Este professor de Harvard revolucionou o mundo da educação com sua teoria das inteligências múltiplas: nossa mente é tão complexa que não pode ser reduzida a um número em um teste de coeficiente intelectual. Agora, com o avanço da inteligência artificial, ele prevê a chegada de uma nova espécie: os pós-humanos. “Talvez o Homo sapiens — diz ele — seja apenas um capítulo na história do planeta.”
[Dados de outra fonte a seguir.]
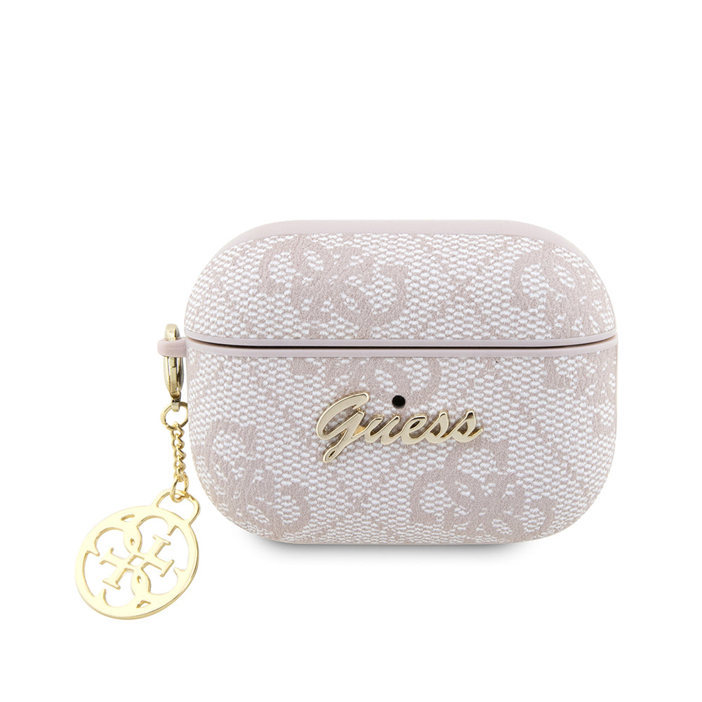 Apple Airpods Pro 2 Kılıf Guess Orjinal Lisanslı 4G Desenli Metal Script Logolu 4G Charm PU Deri Kapak Pembe

Howard Gardner nasceu em Scranton (Pensilvânia) em 1943, no seio de uma família de refugiados judeus que haviam fugido da Alemanha nazista. Em Harvard, onde desenvolve sua carreira desde 1961, ocupa a cátedra John H. e Elisabeth A. Hobbs de Cognição e Educação. Além disso, é um dos fundadores do The Good Project, dedicado a promover a excelência ética na educação e no trabalho.

Gardner, considerado o psicólogo especializado em educação mais influente do mundo, causou um grande impacto em 1983 com uma ideia revolucionária: não existe apenas uma única inteligência, mas muitas formas diferentes de ser inteligente. Tradicionalmente, a inteligência era medida por meio de um único teste, o teste de coeficiente intelectual (QI): se você obtivesse mais de 120, era considerado um gênio; o normal era 100; e com menos de 80, necessitava de ajuda. Gardner identificou sete tipos distintos de inteligência: a linguística e a lógico-matemática (as únicas medidas pelo QI), mas também a musical, a espacial, a corporal-cinestésica (agilidade), a interpessoal (capacidade de se relacionar com os outros) e a intrapessoal (compreensão de si mesmo). Anos depois, ele acrescentaria uma oitava: a naturalista (interesse pela natureza).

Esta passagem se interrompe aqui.